Parafrasi canto terzo inferno

Attraverso me si va nella città dolente,

attraverso me si va nell’eterno dolore

attraverso me si va tra la perduta gente.

La giustizia ha spinto il mio grande creatore,

mi crearono il potere divino,

la più alta sapienza e l’amore originario.

Prima di me non furono create

Se non cose eterne ed io esisto dall’eternità.

Lasciate ogni speranza, o voi che entrate”.
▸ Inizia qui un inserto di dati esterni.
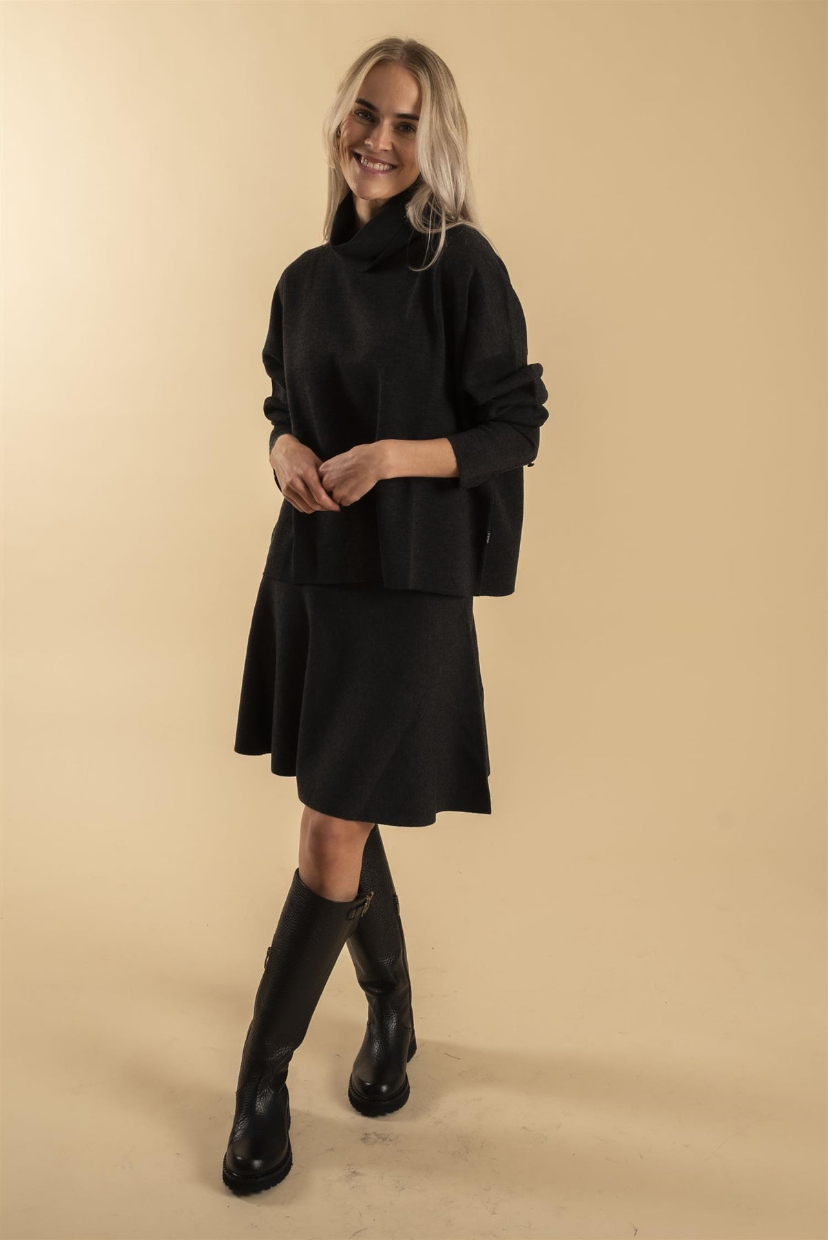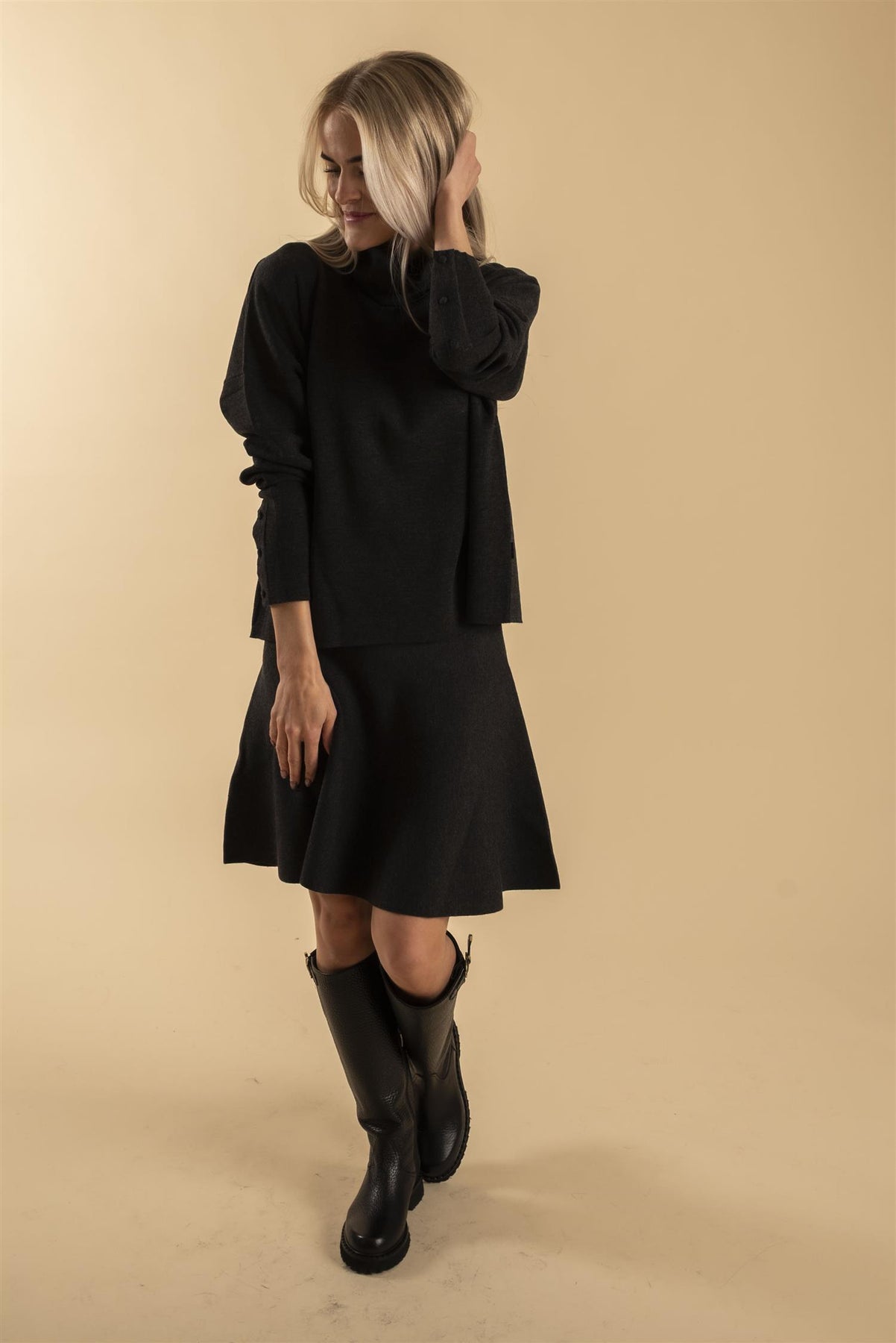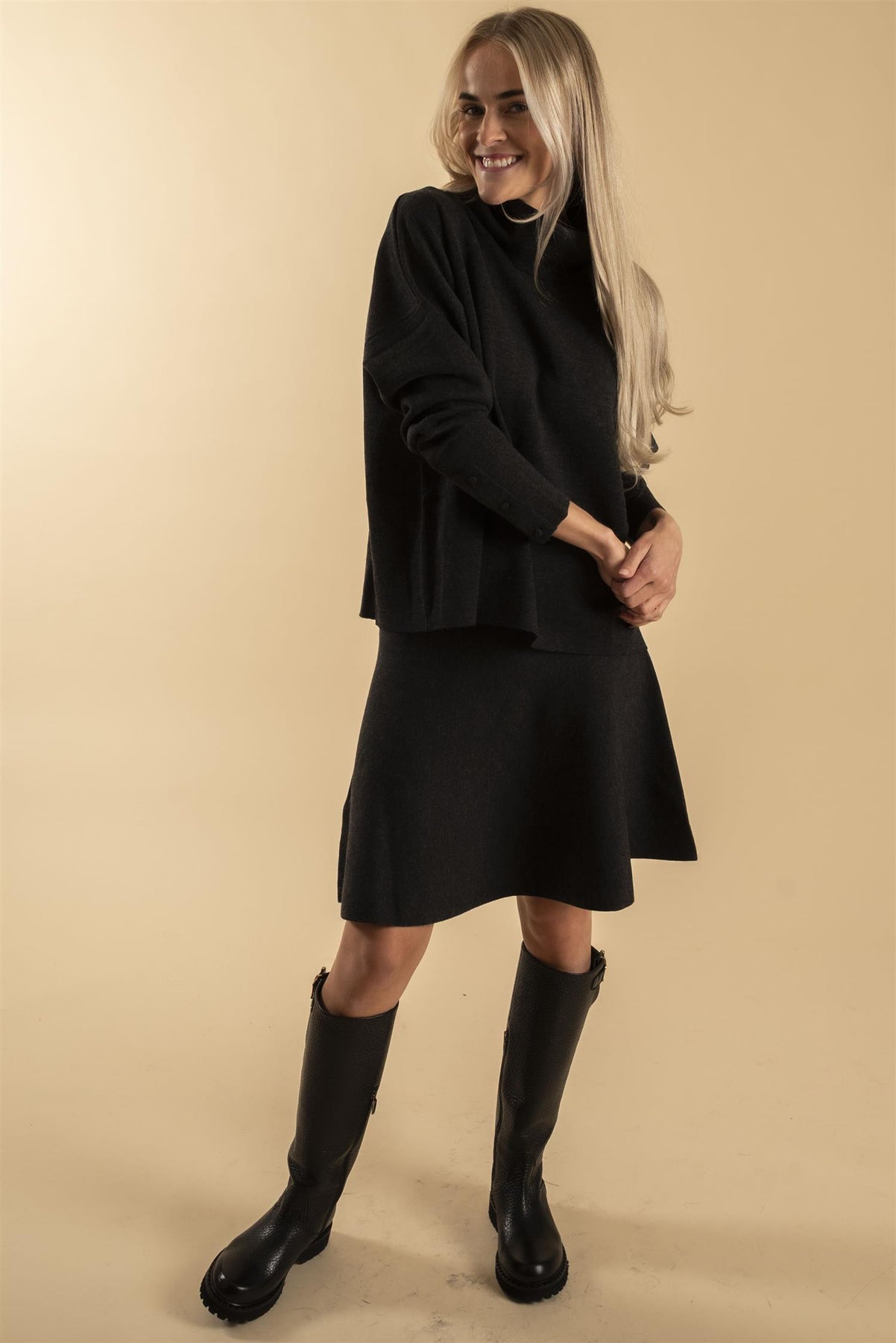 Fantastisk deilig strikket polo med vidde, litt croppet (kort) med drop shoulder og høy hals. Den har lange ermer med velurknapper på mansjettene.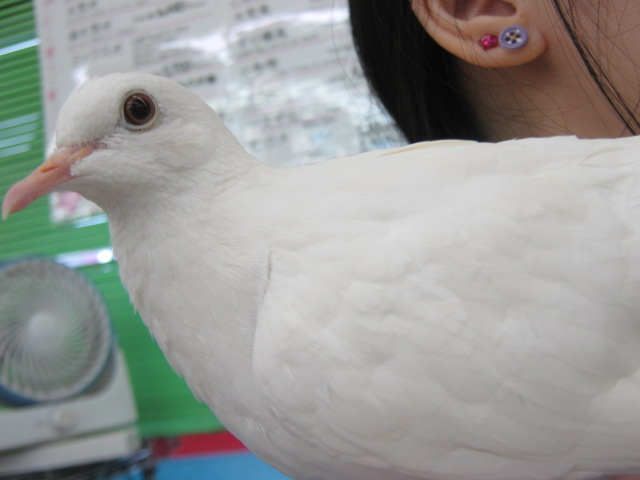 こんにちは、バイトのMです。 毎度ラットやら メキシコインコやら アオジタトカゲやら を肩乗せしている私ですが、本日はこちら。 ギンバトさんです。 何のひねりもなく、『銀ちゃん(仮)』と呼んでいます。 見慣れない気がしますが、マジックショーで帽子の中から飛び出してくる“あの鳥”がギンバトです。 もともと穏やかな性格。 大人になってからお店に来たので、ちょっと人見知りするのですが、 乗せてみれば意外と大人しい。。。 これから手品師を目指すあなたも、そうでないアナタも、いかがでしょう? お値段¥10800。 鳩なので、セキセイやオカメさんとは食べているご飯が違います。 お世話で分からない事は、何でも聞いてください。 あ、マジックのタネと仕掛けは聞かれても分からないのであしからず。 拍手返信! 舘 喜世子さま アヒルさん可愛いですよ~(^▽^) お尻プリプリしながら歩く姿がたまらないですよね! 今お迎え頂けば、黄色から白い羽に変わる様子がお家でじっくり見れちゃいます!(笑) おうちの仲間入り、是非ご検討ください(^v^*)

Io vidi queste parole oscure

Scritte sulla sommità di una porta,

per cui dissi:”Maestro,

il loro significato mi impaurisce”.

Ed egli mi rispose, da persona esperta:


“E’ necessario che qui

Si abbandoni ogni dubbio,

qui devi eliminare ogni viltà.

Noi siamo giunti nel luogo,

di cui ti ho parlato,

nel quale tu vedrai le persone afflitte

che hanno perso la verità suprema”.

E dopo avermi preso per mano

Col volto sereno, per cui io mi rincuorai,

mi condusse nel mondo segreto.

Qui sospiri, pianti e profondi lamenti

Risuonavano nel buio senza stelle,

per cui io subito mi misi a piangere.

Varie lingue, pronunce orribili


Parole di dolore, esclamazioni d’ira

Voci potenti e deboli, colpi di mani

Creavano un tumulto che si agita

Sempre in quell’atmosfera

Eternamente oscura

Come la sabbia quando soffia il turbine.

E io, che avevo la mente piena di dubbi

Dissi:”Maestro, cos’è quello che sento ?

Quale gente sembra

Tanto sopraffatta dal dolore ?”.

Ed egli “Questa misera pena

È propria delle anime meschine

Di color che vissero

Senza fare né il bene né il male.


Sono mescolati a quella spregevole schiera

Degli angeli che né si ribellarono

Né furono fedeli a Dio,

ma furono neutrali.

I cieli li scacciano

Per non perdere la loro bellezza,

ma non li accoglie nemmeno

il profondo inferno

perché dai dannati si avrebbero gloria.”

Ed io:”Maestro, cosa li opprime tanto

Da farli lamentare così intensamente !”

Rispose:”Te lo dirò in breve.

Questi non hanno la speranza di morire

E la loro condizione tenebrosa


È tanto bassa

Che sono invidiosi

Di qualsiasi altro destino.

Nel mondo

Non hanno lasciato alcun ricordo;

la misericordia e la giustizia li ignorano,

non ragioniamo di loro,

ma guarda e passa.”

E io, guardandoli ancora,

vidi una bandiera

che correva girando tanto veloce

da sembrare incapace di arrestarsi;

e dietro ad essa

correva una così grande folla di gente,


che io non avrei mai creduto

che la morte ne avesse decomposta tanta.

Dopo aver riconosciuto qualcuno,

individuai l’anima di colui

che fece il grande rifiuto per viltà.

Immediatamente capii

Che questo era il gruppo dei vili,

che non piacciono

né a Dio, né ai suoi nemici.

Questi sciagurati,

che non furono mai veramente vivi,

erano nudi e punzecchiati continuamente

da mosconi e da vespe.

Quelli rigavano il loro volto di sangue,


che, mischiate alle lacrime, ai loro piedi

era raccolto da vermi schifosi.

E quando cominciai a guardare oltre,

vidi gente presso la riva di un grande fiume,

per cui dissi:” Maestro concedimi

che sappia chi sono e quale legge

le fa sembrare così desiderose

di varcare il fiume,

così almeno mi pare di capire

attraverso la debole luce”.

Ed egli a me:”Le cose ti saranno chiare

Quando ci fermeremo

Sulla triste sponda dell’Acheronte”.

Allora con lo sguardo mortificato e basso,


temendo che il mio discorso fosse spiacevole,

evitati di parlare fino al fiume.

Ed ecco giungere verso di noi con una nave

Un vecchio, canuto per la sua antica età,

gridando:”Guai a voi, anime malvagie !

non sperate mai di vedere il cielo:

io vengo per condurvi all’altra riva,

nelle tenebre eterne, nel caldo e nel gelo.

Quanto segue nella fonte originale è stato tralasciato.